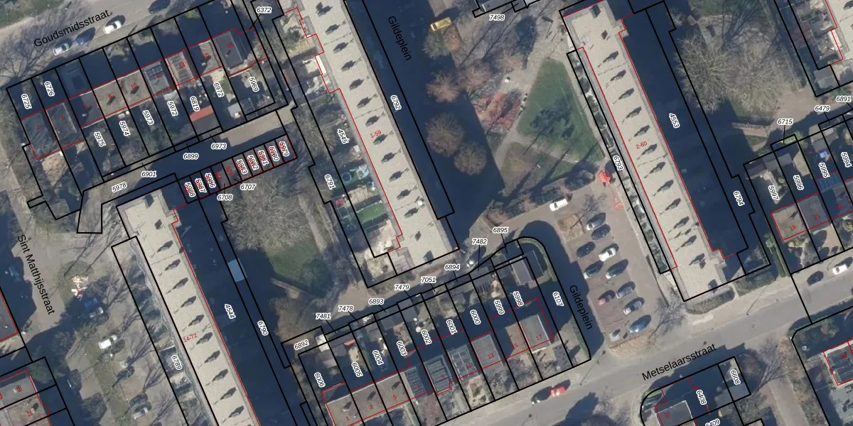 Het perceel waarop Gildeplein 1 staat heeft een oppervlakte van 1247 m². Dit is een zeer groot perceel. De perceeloppervlakte wordt geregistreerd door het Kadaster. Gedetailleerde informatie over de maten van dit perceel kunt u vinden in het rapport Kadastrale kaart met maatvoering van Gildeplein 1.
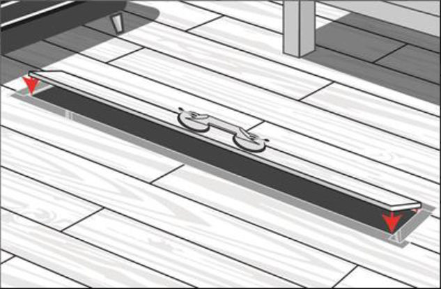 Poškodená podlahová doska je teraz odomknutá na oboch koncoch.
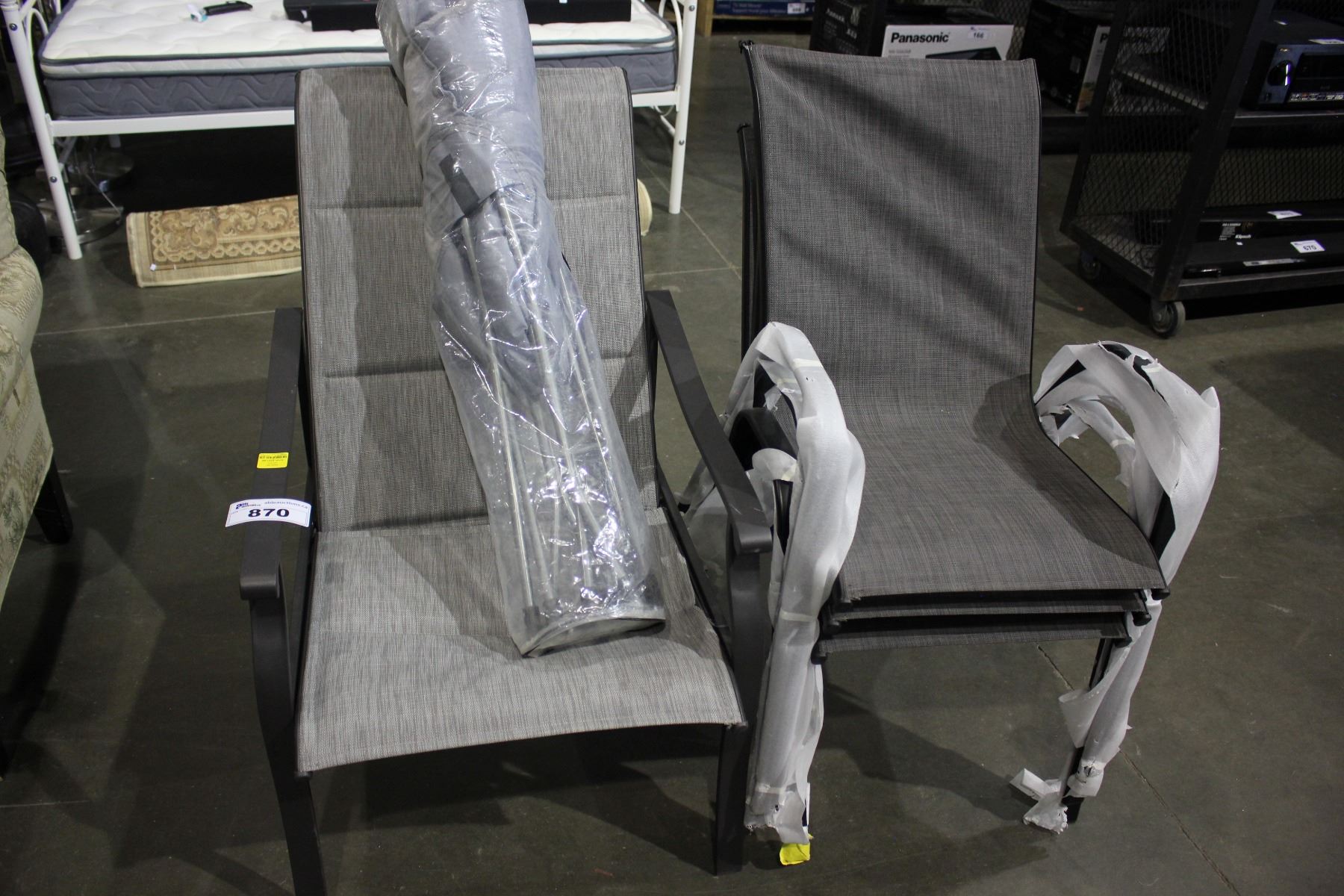 4 GREY PATIO CHAIRS AND SOFT FOLD-OUT CHAIR
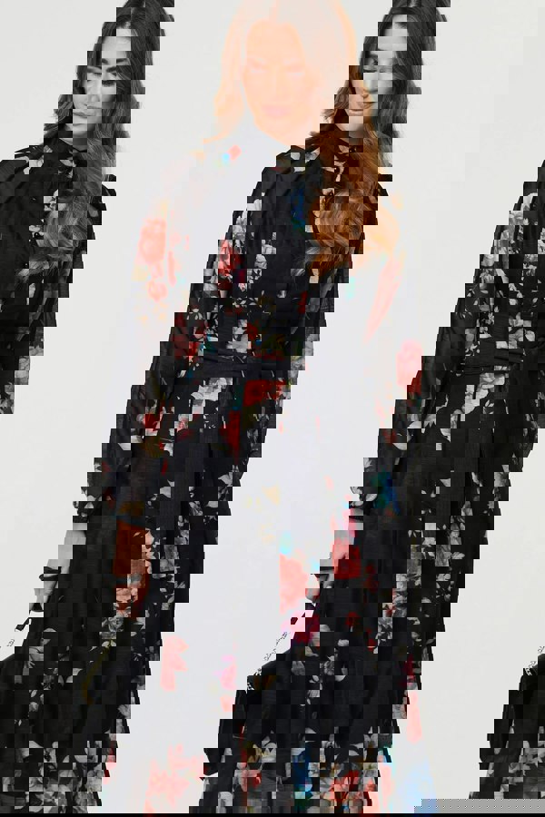 This beautiful dress has a semi sheer layer, long sleeves and a figure-flattering tie waist. It features buttons, a high neck and a textured trim. Wear this dress with heels and a clutch for an evening out, or tights and boots for a smart daytime outfit.
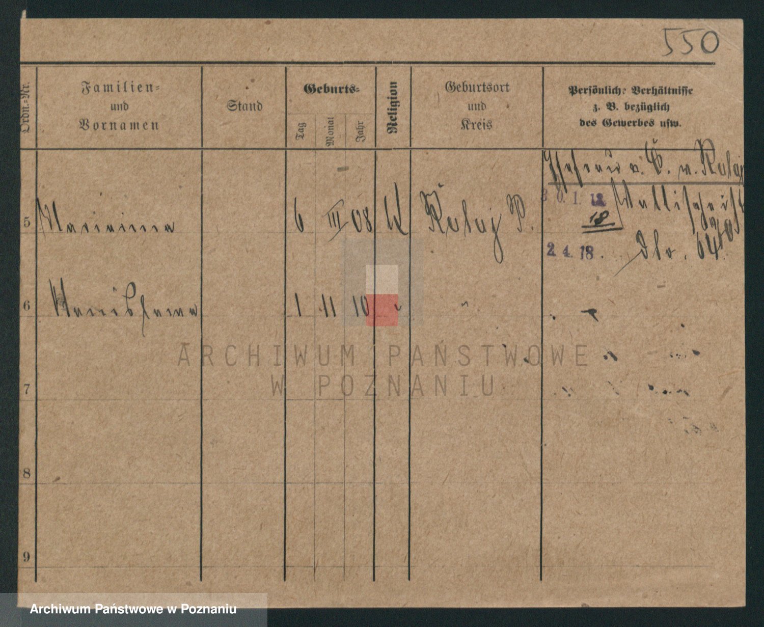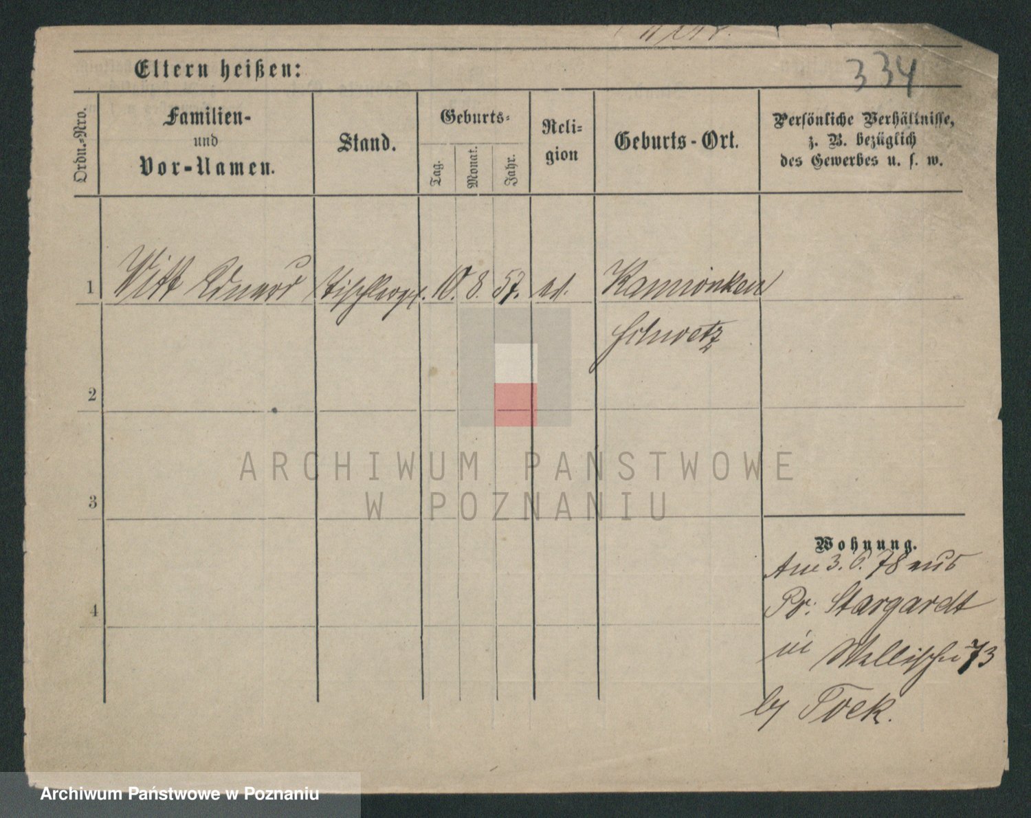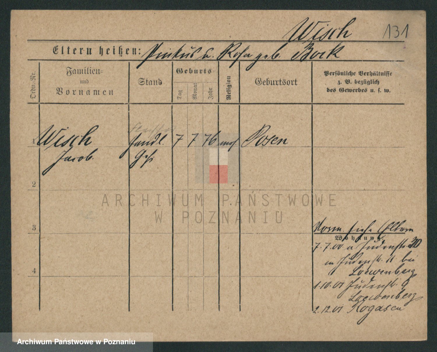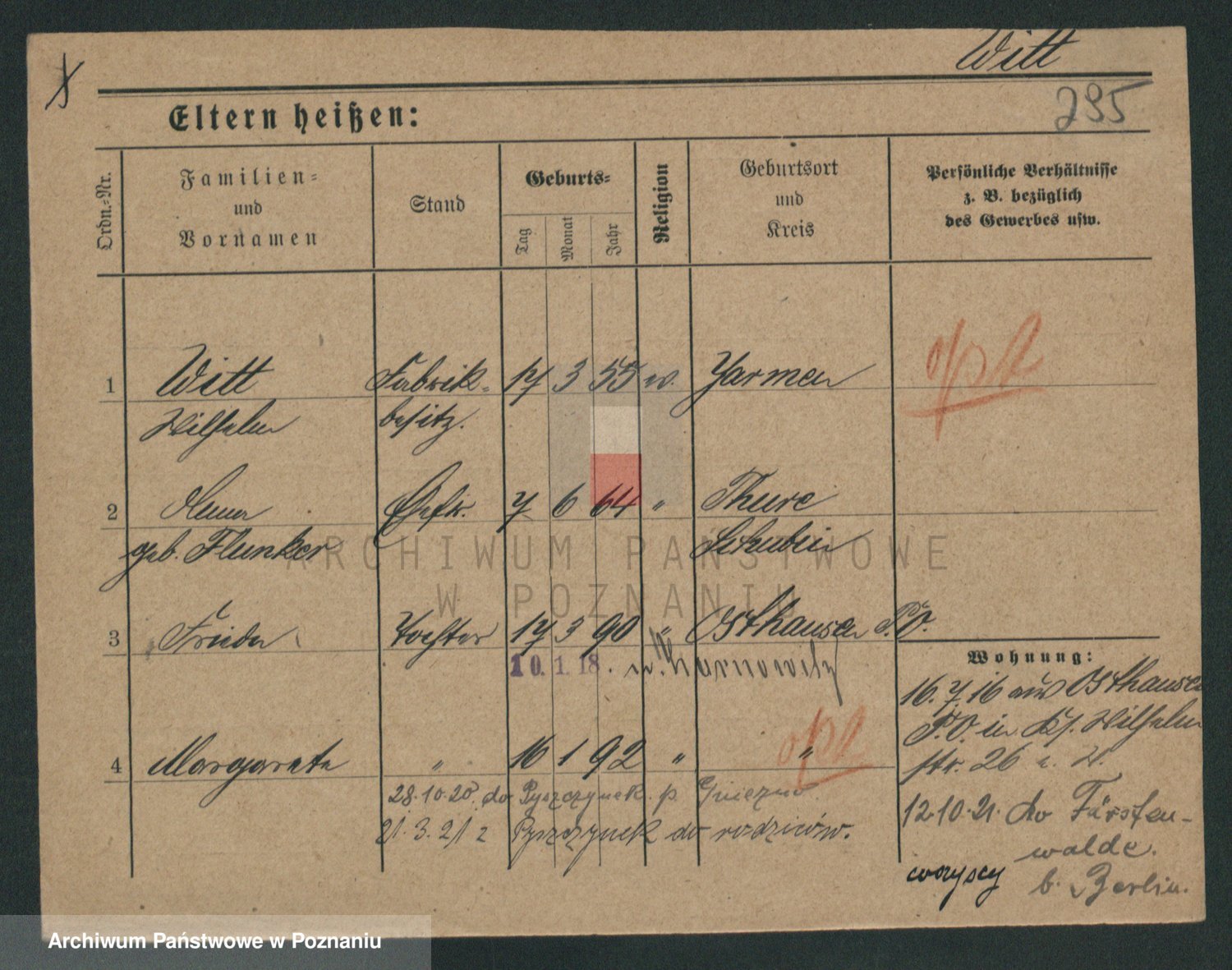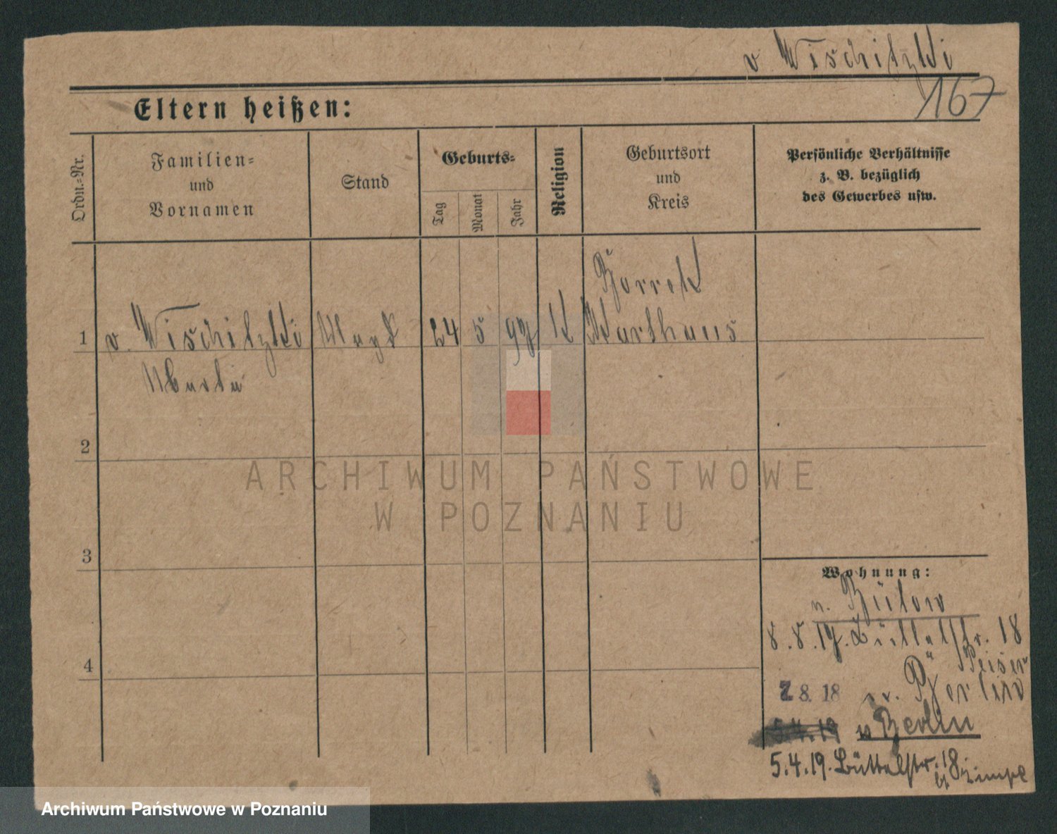 Podgląd karty osobowej dostępny jest po kliknięciu na nazwisko lub ikonkę karty. Można dokonywać powiększenia (ikony na górze) lub przechodzić między kolejnymi skanami (strzałki po bokach).

▶ YOUR TASK: Print the material above verbatim except the pictures.

▶ ANSWER SECTION:
 Het perceel waarop Gildeplein 1 staat heeft een oppervlakte van 1247 m². Dit is een zeer groot perceel. De perceeloppervlakte wordt geregistreerd door het Kadaster. Gedetailleerde informatie over de maten van dit perceel kunt u vinden in het rapport Kadastrale kaart met maatvoering van Gildeplein 1.
 Poškodená podlahová doska je teraz odomknutá na oboch koncoch.
 4 GREY PATIO CHAIRS AND SOFT FOLD-OUT CHAIR
 This beautiful dress has a semi sheer layer, long sleeves and a figure-flattering tie waist. It features buttons, a high neck and a textured trim. Wear this dress with heels and a clutch for an evening out, or tights and boots for a smart daytime outfit.
 Podgląd karty osobowej dostępny jest po kliknięciu na nazwisko lub ikonkę karty. Można dokonywać powiększenia (ikony na górze) lub przechodzić między kolejnymi skanami (strzałki po bokach).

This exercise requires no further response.